Se bem conheço políticos profissionais, sei que escolhas eles fazem quanto têm que optar entre o valor intrínseco das idéias ou a conquista de votos e do poder. Nem sei se devemos reclamar disso pois, possivelmente, os políticos não seriam bons no que fazem se não agissem assim. Consequentemente, os keynesianos têm motivos para preocupações, pois o seu capital intelectual poderá sofrer uma grande desvalorização muito em breve.

O professor Belluzzo, que é um dos keynesianos mais importantes e respeitados, publicou um artigo no Valor no qual diz que "...Keynes jamais receitou déficits a torto e a direito." Sim, é verdade. Mas não tenho nenhuma lembrança importante de um keynesiano de boa cepa recomendando austeridade fiscal. Eu me pergunto, neste exato momento, qual seria a recomendação do professor Belluzzo aos governos europeus? Austeridade? Eu adoraria que ele dissesse isso.

Keynesianos geralmente propõem a teoria de que a poupança é um resíduo macroeconômico, determinado, basicamente, pelo quanto se investe. Crescimento se faria não com poupança (que até mesmo o destrói), mas com crédito, fomento estatal, emissão monetária, déficit público, expansão de moeda e endividamento público e privado, interno e externo. Os historiadores do futuro terão que esclarecer seus contemporâneos sobre a relação entre estas idéias e o ponto a que chegamos.
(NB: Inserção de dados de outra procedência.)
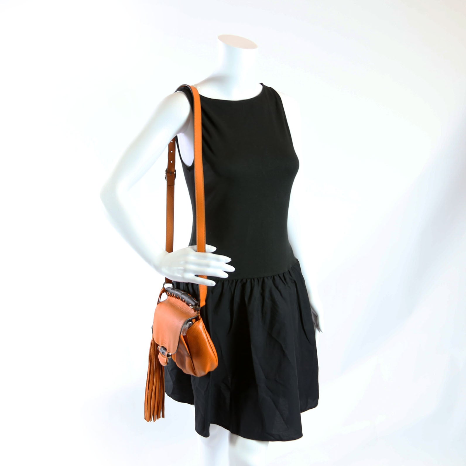This pre-owned Gucci Calfskin Bamboo Nouveau Shoulder Bag Small is guaranteed 100% authentic.
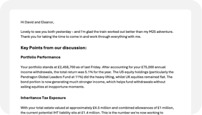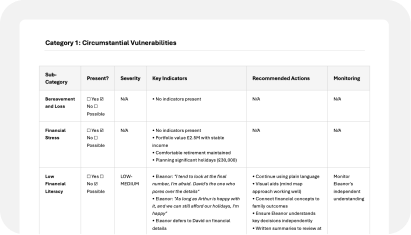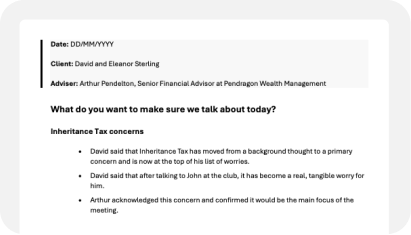 Transform your conversation into business-ready documentation using our expert templates. From statements of advice, family tree diagrams, decision logs, to motivation maps.
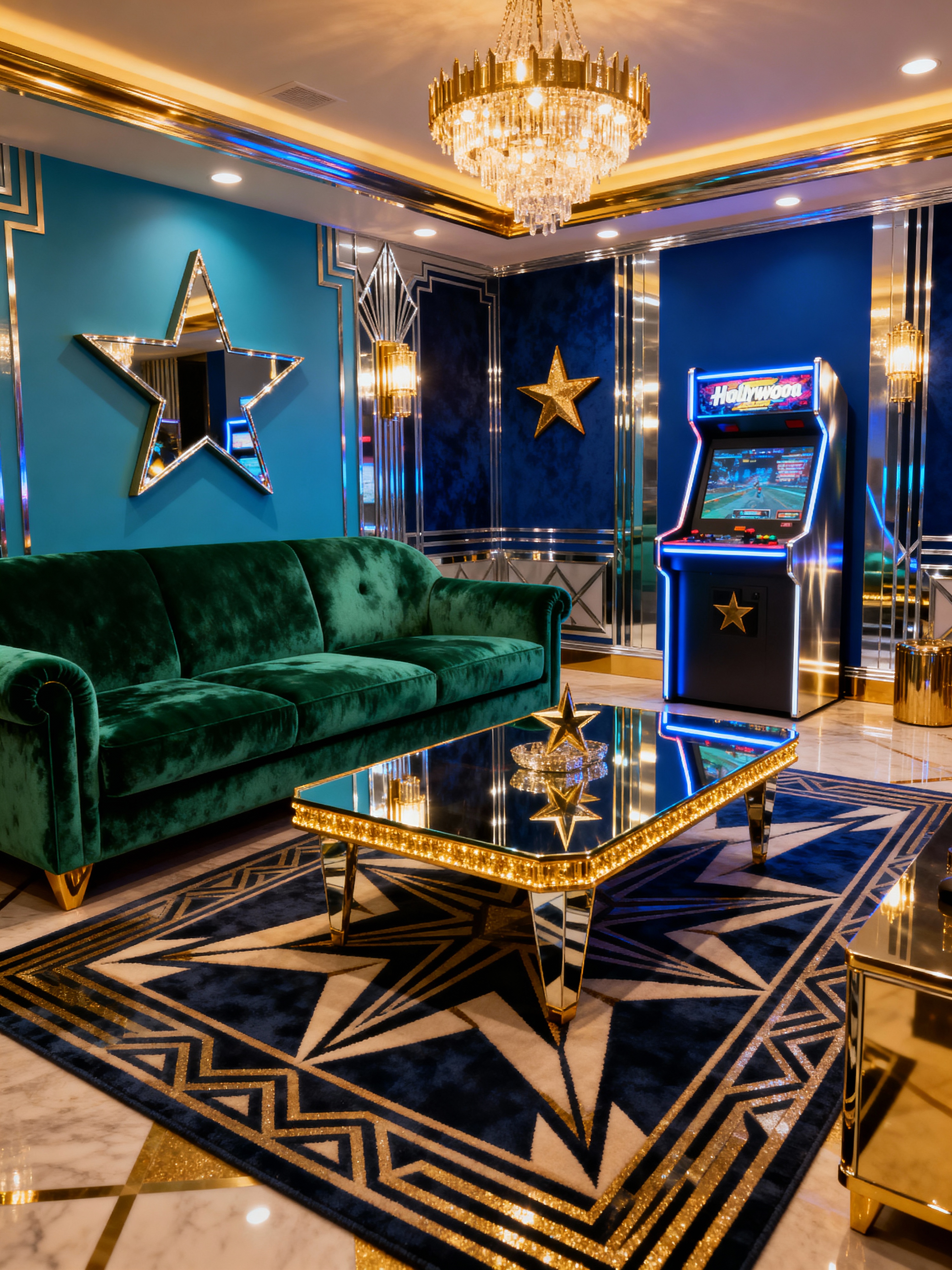 gaming room with hollywood glam style . with art deco influence and glamorous style and mirrored surfaces and velvet upholstery and bold colors and star quality and dramatic lighting and metallic accents
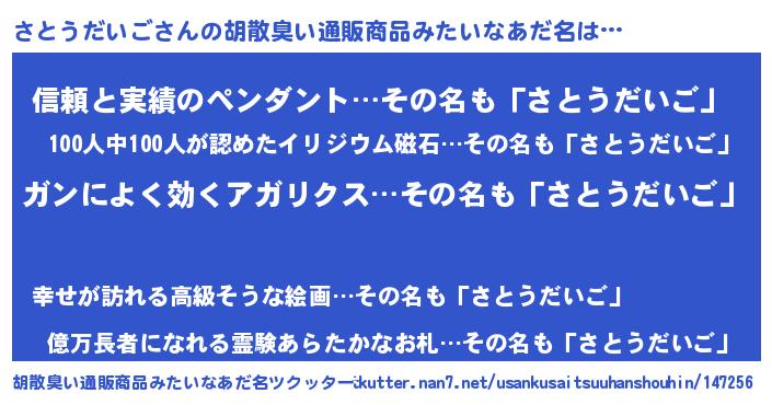 | ポケモン風あだ名 | 『サトセウス』『ヒサトウダイゴ』 |
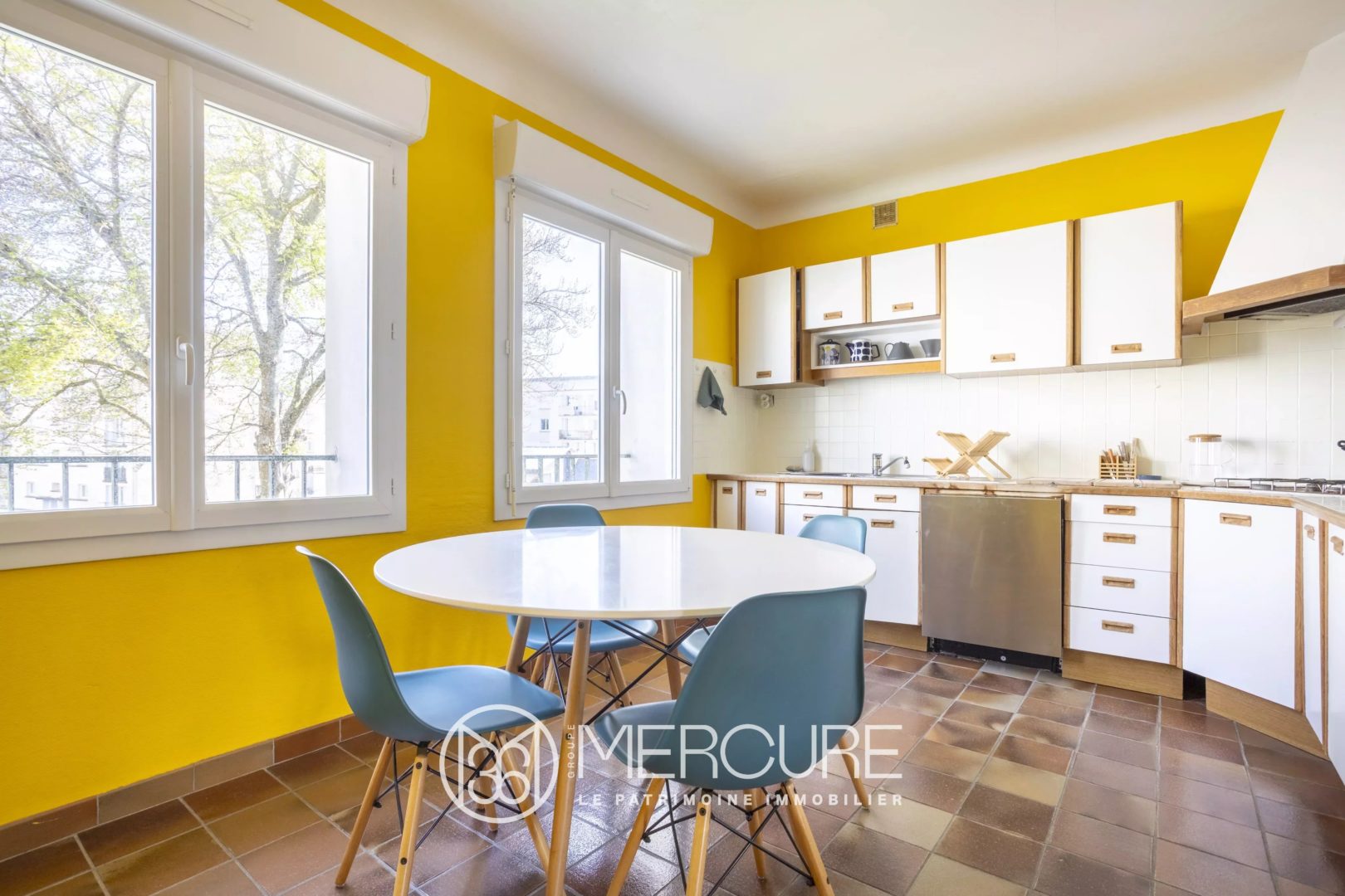 Au calme d’une petite rue pavillonnaire, à 5mn du tram et des Capucins, cette haute maison construite par un fameux architecte brestois offre de grands volumes lumineux, et se prête à différents usages grâce à une astucieuse distribution.
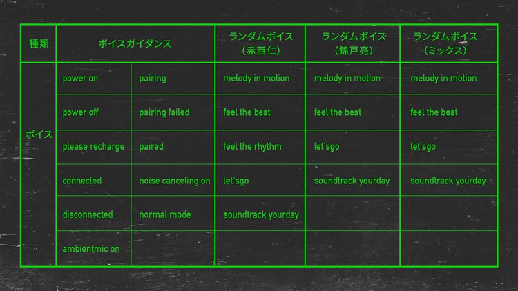 新たな機能として、イヤホンのボタン長押しでランダムに再生される「ランダムボイス機能」を搭載。“melody in motion“などのランダムボイスのセリフは、「みなさんにもっと音楽を楽しんでほしい」という想いのもと二人から提案されたとのこと。
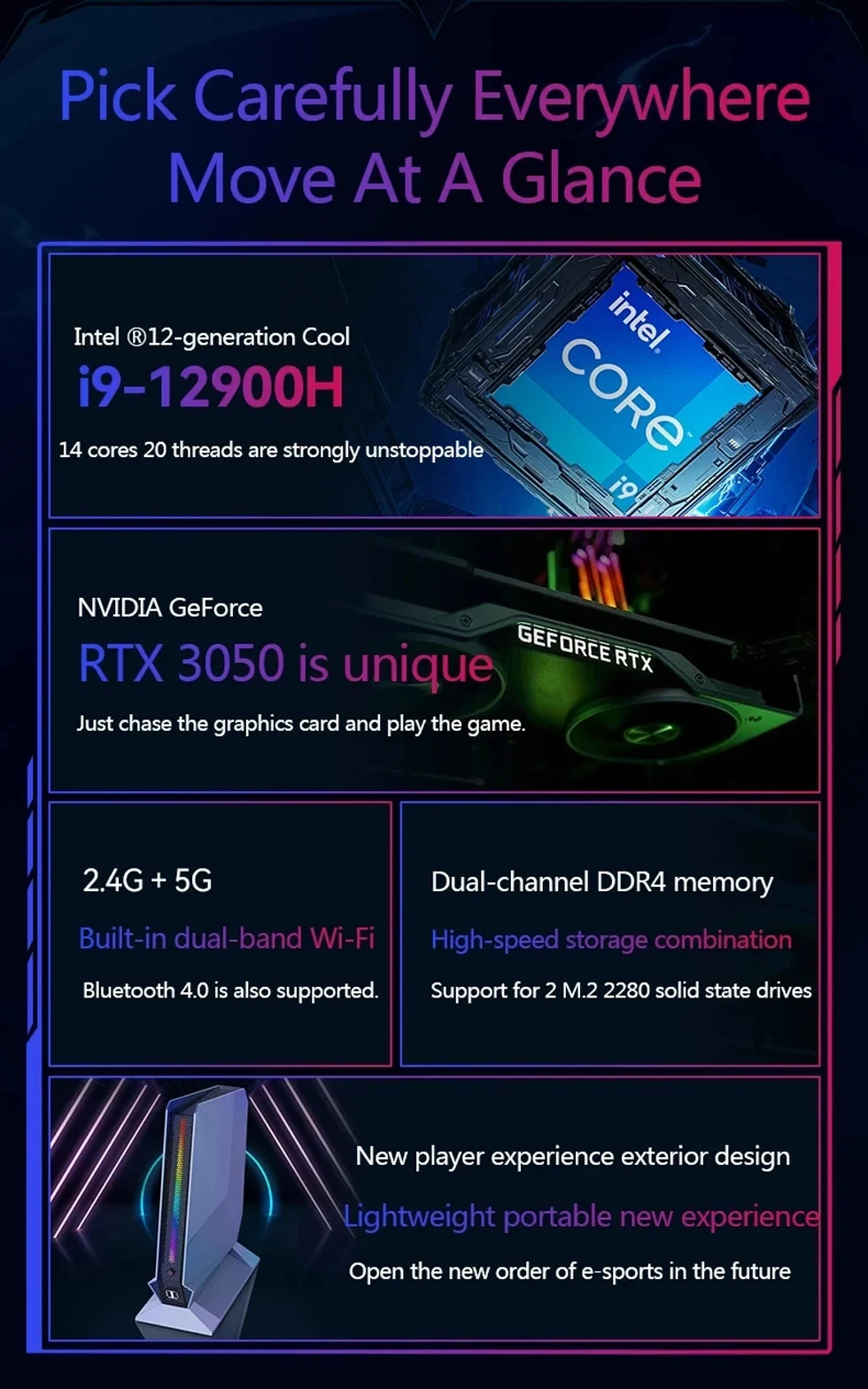 Gaming Mini PC with Inter i9-12900HK Nvidia RTX4060 Support WIN10 LINUX 2xDDR4 6xUSB 1xHDMI Type-C WiFi BT4.0 Desktop Computer
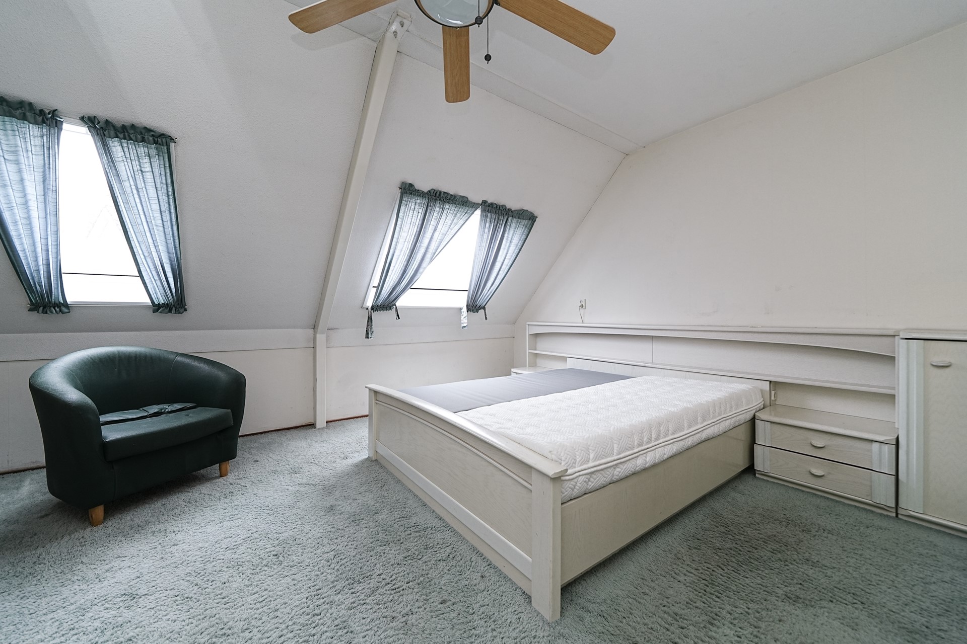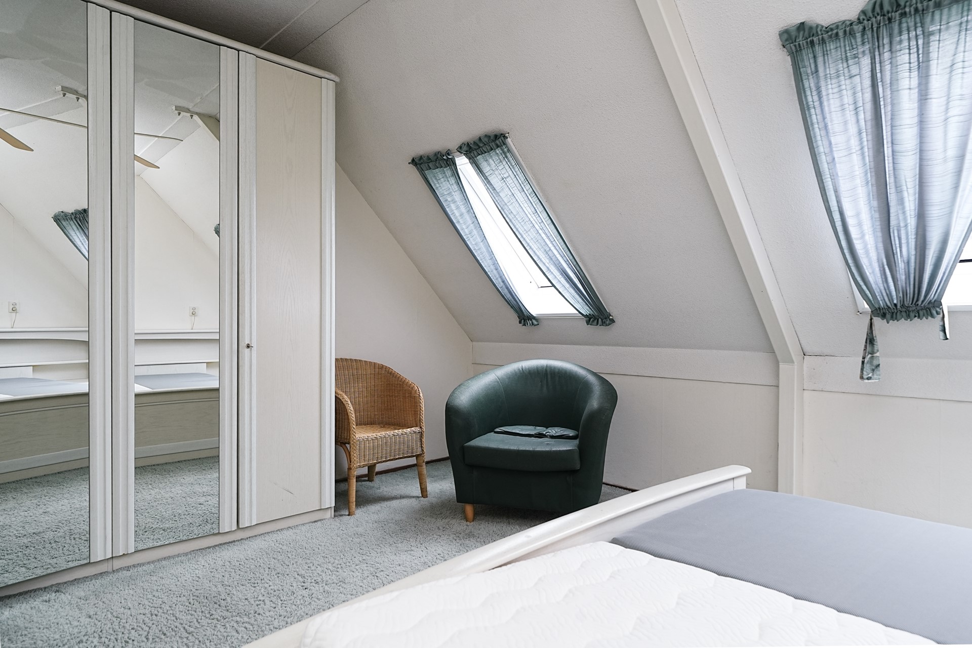 Aan de achterzijde van de woning bevindt zich een ruime slaapkamer (voormalig 2 slaapkamers). Deze kamer is aangenaam licht dankzij de dakramen en biedt volop ruimte voor een tweepersoonsbed en kastenwand.
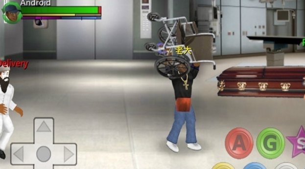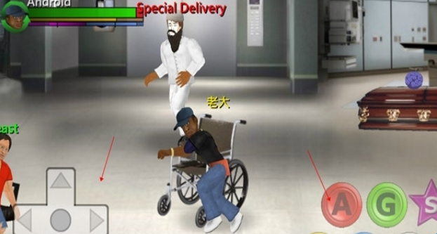 然后就可以进入战斗中的,游戏操作很简单,左侧控制玩家移动,右侧使用攻击和抓取之类的
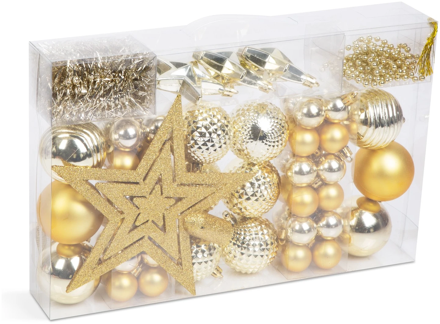 | Inhoud van het pakket: | 26 x matte bal, 34 x glanzende bal, 3 x glanzende ster. 1 x glinsterend top ornament 1m glanzende slinger 2m glanzende kralenketting |
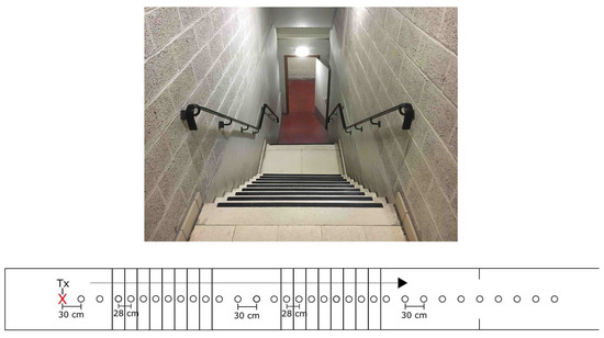 Scenario ST2: Photo of Staircase 2 (top); and graphical representation of the measurement points (bottom).
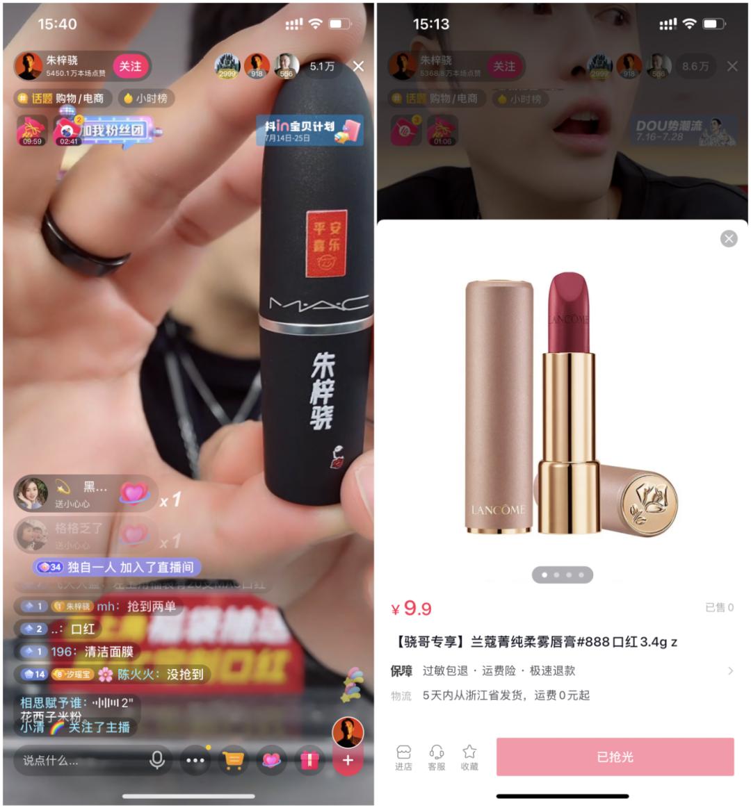 像印有朱梓骁名字的mac口红,只要网友在直播间发送口令“左上角福袋有20支MAC口红”,就有机会收到福袋,而且是包邮免费送出;还有9.9元一支的兰蔻888,朱梓骁在直播间反复强调,“只有20支!抢到就是赚到!”直播间人数也顺利升到9.1万。
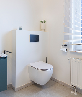 ✔ Zwarte accenten – Moderne armaturen en douche voor een strakke look.

Eu confesso que sempre tive muita dificuldade com tudo isso. Não que lembro em que momento faltou demanda agregada em 2007 ou 2008 para a crise começar. O que me lembro é que havia uma euforia desenfreada de crédito e consumo que acabou, meio subitamente, quando a bolha imobiliária estourou. Ah, sim, disseram-me que foi a falta de regulação... Boa regulação é importante, mas foi por falta de regulação que os Estados (assim, com letras maiúsculas, como gostam hegelianos e keynesianos) europeus se endividaram em demasia?

Chegamos a uma situação na qual nós, economistas, faríamos um grande bem à sociedade se aceitássemos reexaminar nossas teorias. Claro que isso implica reconhecer alguma desvalorização no capital intelectual acumulado ao longo de muitos anos de estudo. Mas, sempre que alguém investe na direção errada, perde capital. Tanto faz se a direção errada foi uma casa super-avaliada, um título público que não será pago ou uma teoria que vai perecer. Os economistas acumularam muitos e variados conhecimento úteis e geniais, mas alguma tralha pode ter vindo junto. Capitais assim perdidos não viram poupança social de tipo algum. Mas as casas ainda estão lá, os países e seus povos também e temos muito conhecimento econômico para lidar com os problemas. Seria prudente começar por alguma faxina nos balanços dos bancos, no dos governos e nas nossas idéias econômicas.